(Task inputs Opens)
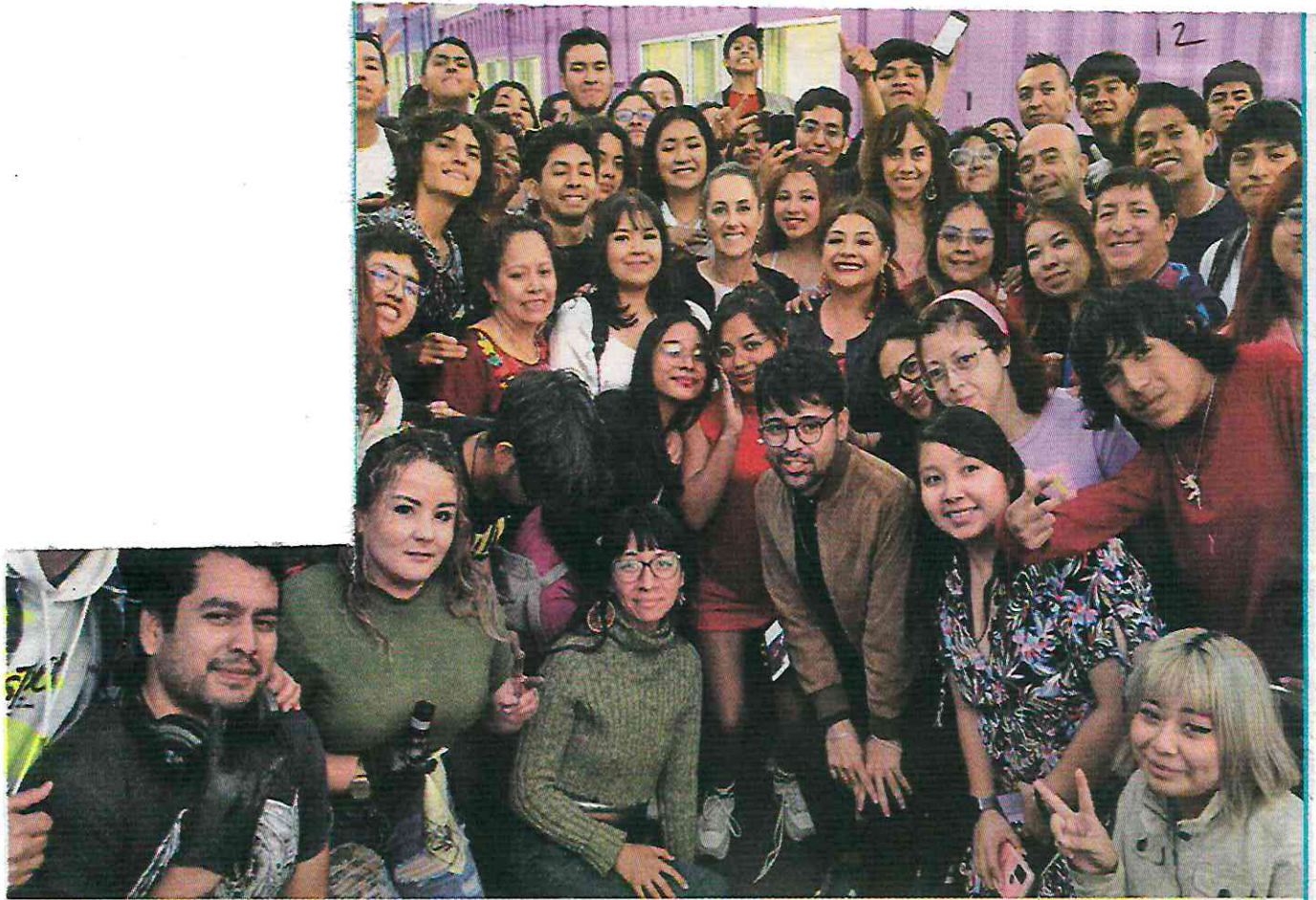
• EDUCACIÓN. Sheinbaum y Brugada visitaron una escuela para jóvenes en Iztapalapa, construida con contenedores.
(Task inputs Closes)
(Task inputs Opens)
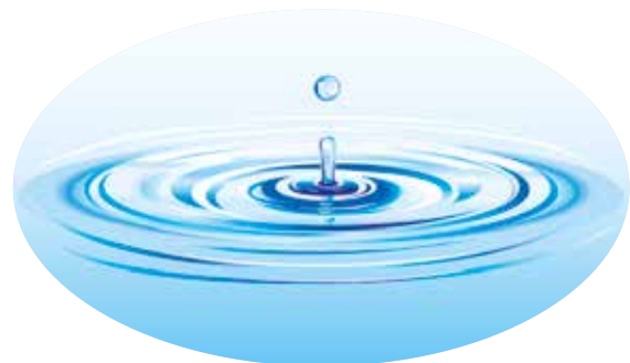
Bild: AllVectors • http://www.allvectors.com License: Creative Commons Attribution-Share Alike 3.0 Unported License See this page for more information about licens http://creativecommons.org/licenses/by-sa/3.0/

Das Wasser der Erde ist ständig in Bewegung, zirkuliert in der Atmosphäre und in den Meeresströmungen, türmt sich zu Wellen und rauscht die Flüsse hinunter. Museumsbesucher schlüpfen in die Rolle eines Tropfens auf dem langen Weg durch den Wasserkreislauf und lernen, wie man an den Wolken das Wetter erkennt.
(Task inputs Closes)
(Task inputs Opens)
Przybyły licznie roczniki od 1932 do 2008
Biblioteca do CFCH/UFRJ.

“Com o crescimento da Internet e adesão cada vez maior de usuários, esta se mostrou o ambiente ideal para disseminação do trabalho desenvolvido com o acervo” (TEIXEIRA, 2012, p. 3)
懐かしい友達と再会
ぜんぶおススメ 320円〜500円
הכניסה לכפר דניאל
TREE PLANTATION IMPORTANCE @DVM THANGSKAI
(Task inputs Closes)
### [Your task]
Go through the entries and filter for lines holding the word "para"; copy each match.

### [Result]
• EDUCACIÓN. Sheinbaum y Brugada visitaron una escuela para jóvenes en Iztapalapa, construida con contenedores.
“Com o crescimento da Internet e adesão cada vez maior de usuários, esta se mostrou o ambiente ideal para disseminação do trabalho desenvolvido com o acervo” (TEIXEIRA, 2012, p. 3)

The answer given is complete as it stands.